As we move through our second year since becoming a Community Interest Company, we’ve been spending time not only on what we do, but on how we do it.

With support from an external facilitator, we developed a Working Together Framework — a living document that captures the values, commitments and ways of working that shape Haki Collective.

Haki is a Black, Disabled-led organisation working in a deeply underfunded and often hostile landscape. As the framework itself says, “perfection is neither expected nor the goal.” Instead, this work is about creating shared ground we can return to — a set of guardrails that help us pause, reflect, and recalibrate when we need to.

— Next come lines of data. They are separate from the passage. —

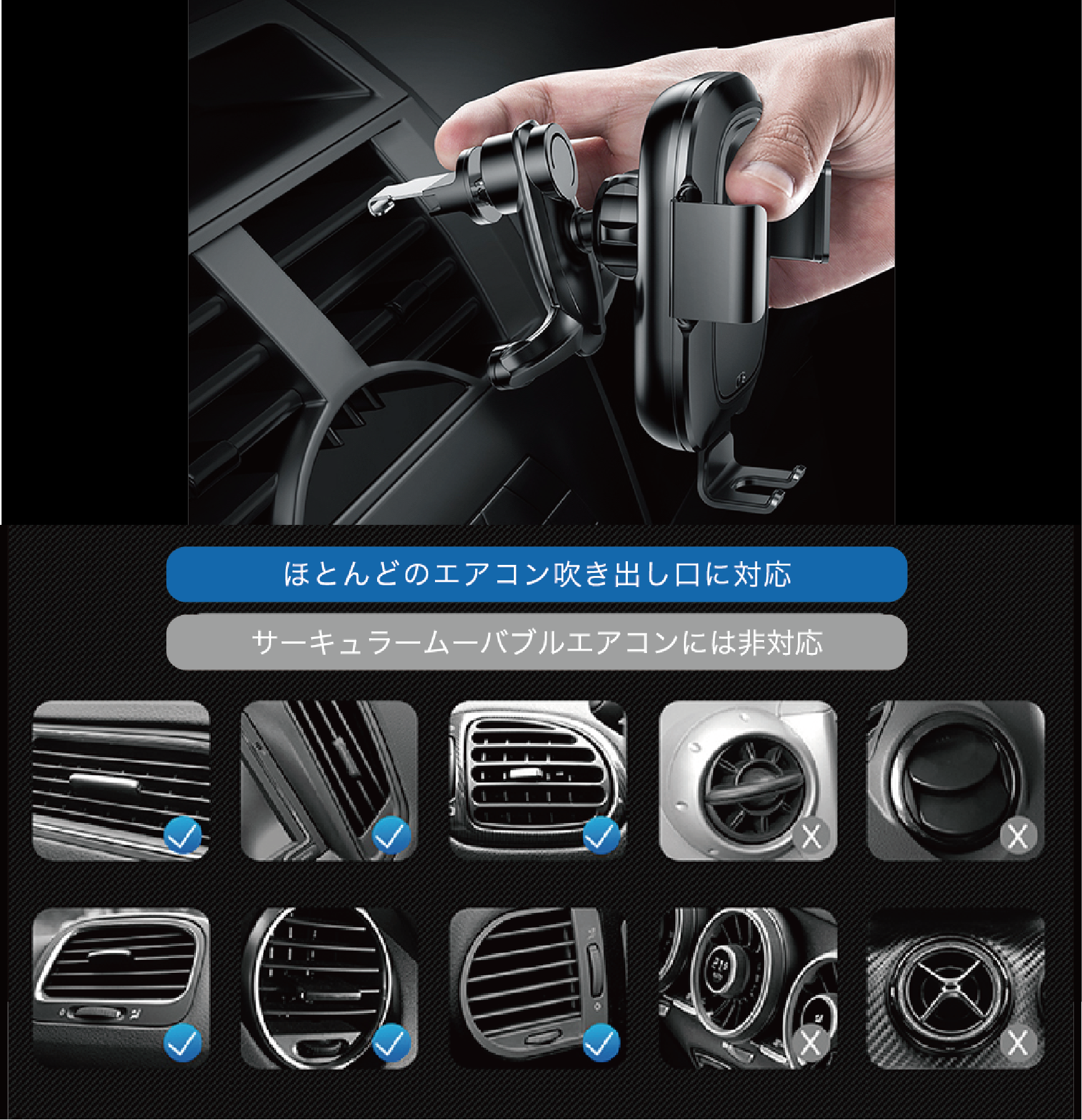 赤外線センサーにより、スマホが近づくと自動クランビングエアベントが作動。どんな機種のスマホでもアームがしっかりホールドします。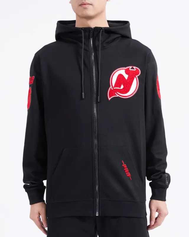 NHL NEW JERSEY DEVILS TC TONAL OUTLINE MEN’S DK FZ PO HOODIE (BLACK)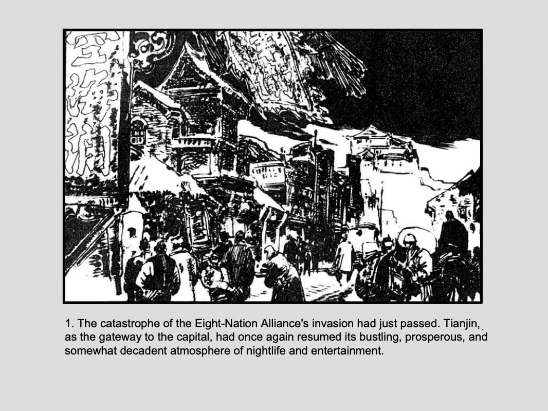 1. The catastrophe of the Eight-Nation Alliance's invasion had just passed. Tianjin, as the gateway to the capital, had once again resumed its bustling, prosperous, and somewhat decadent atmosphere of nightlife and entertainment.
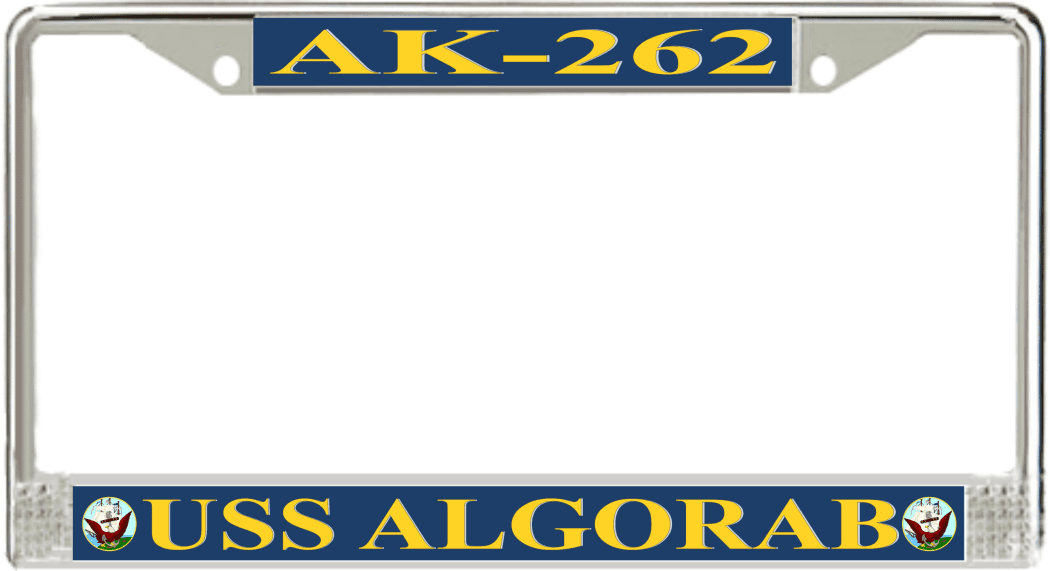 USS Algorab AK-262 License Plate FrameThis USS Algorab AK-262 License Plate Frame is proudly made in the USA at our facilities in Scottsboro, Alabama. Each of our MilitaryBest U.S. Navy Frames feature top and bottom Poly Coated Aluminum strips that are printed using sublimation which gives these quality automobile military frames a beautiful high gloss finish.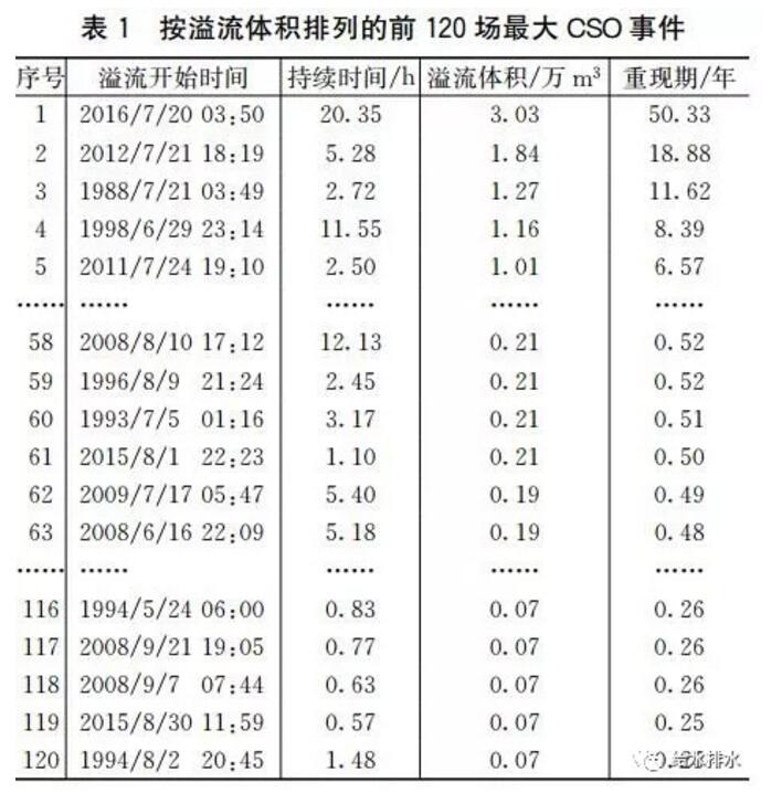 對采用模型連續(xù)模擬得到的溢流排水口多年溢流體積和峰值流量數(shù)據(jù)進行統(tǒng)計分析,建立溢流體積、峰值流量與對應(yīng)重現(xiàn)期的關(guān)系曲線,從而得到達到某年均溢流頻次(如1年不超過3次)等控制標準的CSO調(diào)蓄池池容和設(shè)計進水流量,或得到CSO處理站/廠的設(shè)計處理流量。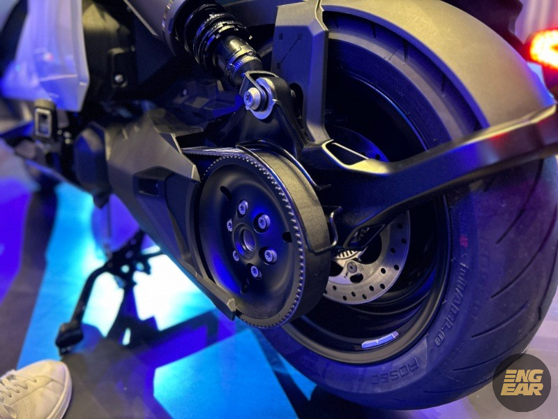 Output disalurkan ke roda belakang melalui lengan ayun tunggal dengan tali sawat bergigi dan transmisi tetap.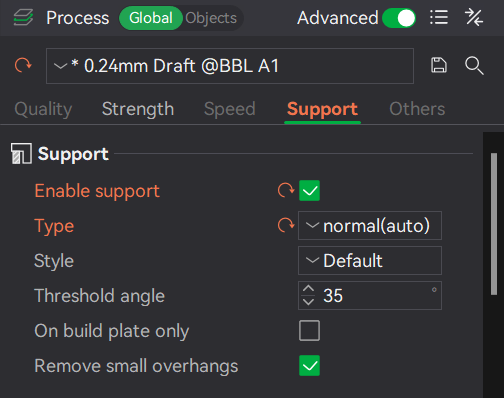 In some situations, it is not possible to orient the model in such a way that removes or minimizes the support usage. When that’s the case, it is recommended to enable support generation in Bambu Studio.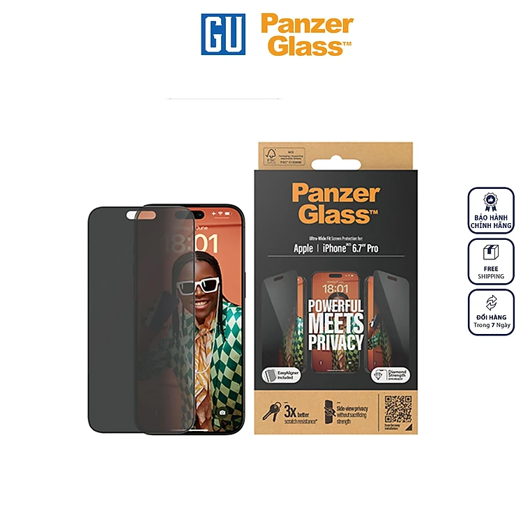 Kính Cường Lực PanzerGlass Chống Nhìn Trộm Dành Cho Iphone 15 Pro Max (Full) Hàng Chính Hãng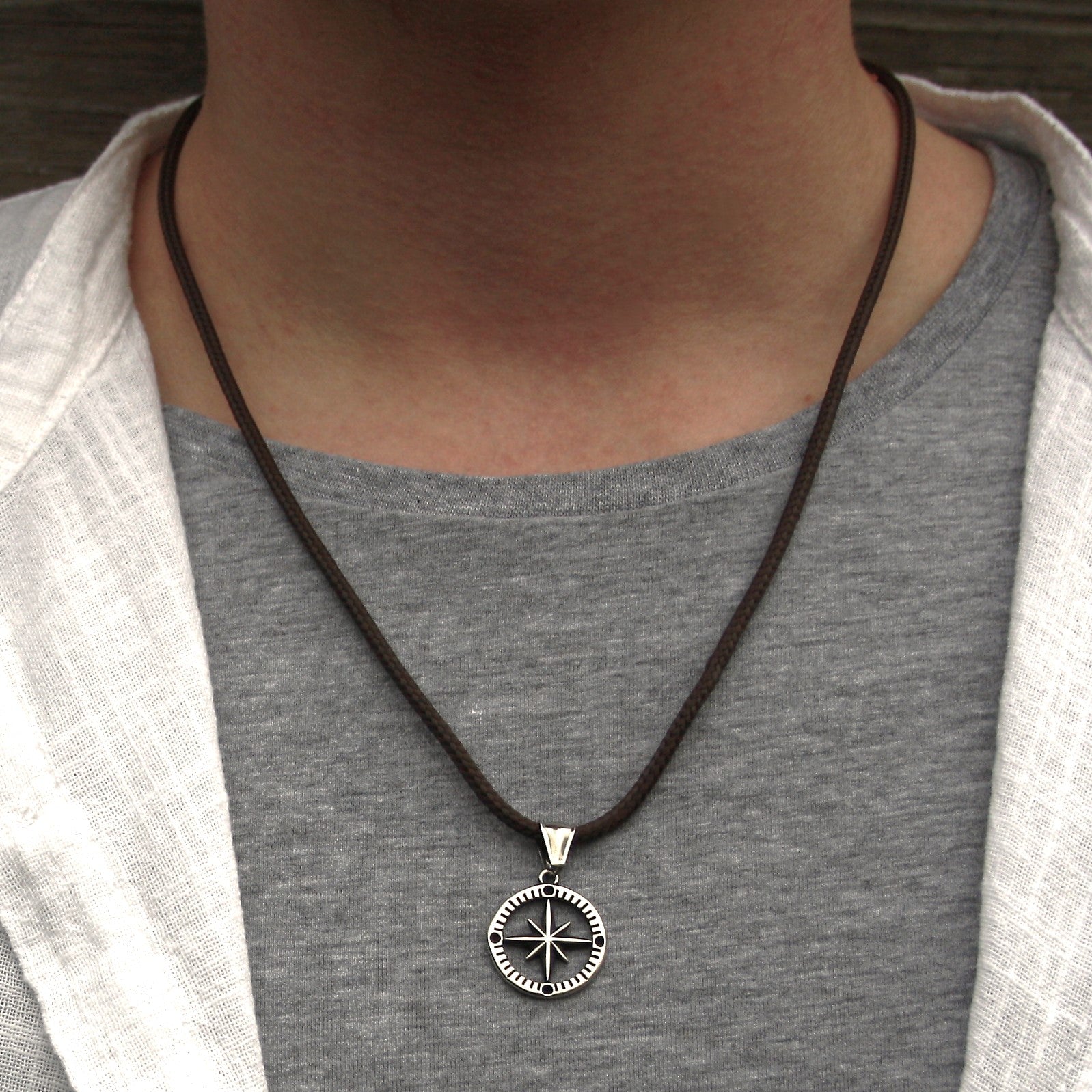 Diese WAVEPIRATE Segeltauhalskette KOMPASS aus einem seefahrterprobten Tau mit 3 mm Durchmesser und dem Edelstahlanhänger der Kompass und Windrose vereint, ist ein Accessoire oder Geschenk für Weltenbummler und alle, die gern in die Ferne schweifen.

At the heart of the framework are the values that guide our everyday practice – We centre accountability and personal responsibility, aligning our actions with the justice we talk about, staying alert to how racism, ableism and other systems of harm show up — and working to interrupt them.

Care and sustainability run throughout the document too, recognising that justice work is long-term and that “our collective flourishing depends on each person’s wellbeing.”

We aim to “co-create environments where people feel safe to be open and honest about mistakes, limitations, and uncertainties.

The framework also names clearly who we are accountable to. We are accountable to “Black and Global Majority Disabled people and their broader communities, whose experiences and leadership centre our work,” as well as to grassroots organisations we work alongside, and to each other within Haki.

We also hold ourselves accountable to “the principles of disability justice and intersectional liberation,” which help us imagine ways of working that are rarely offered to Black and Global Majority Disabled people within oppressive systems.

You can also find this in the ‘Our Approach’ section of the website.

Just as importantly, the framework sets out what we are accountable for. This includes “creating and maintaining organisational practices that embody the justice we seek,” ensuring our work genuinely connects racial and disability justice, and “creating accessible spaces where communities can learn, organise, and thrive.

It reflects our commitment to moving beyond charity-based models and towards work that centres power, strength and collective care.

We’re sharing this update as part of our ongoing commitment to transparency and learning.

It’s a living document, and it will continue to change as we grow, listen, and receive feedback.

In our second year, this work has been about laying foundations that we hope will sustain Haki for the long haul.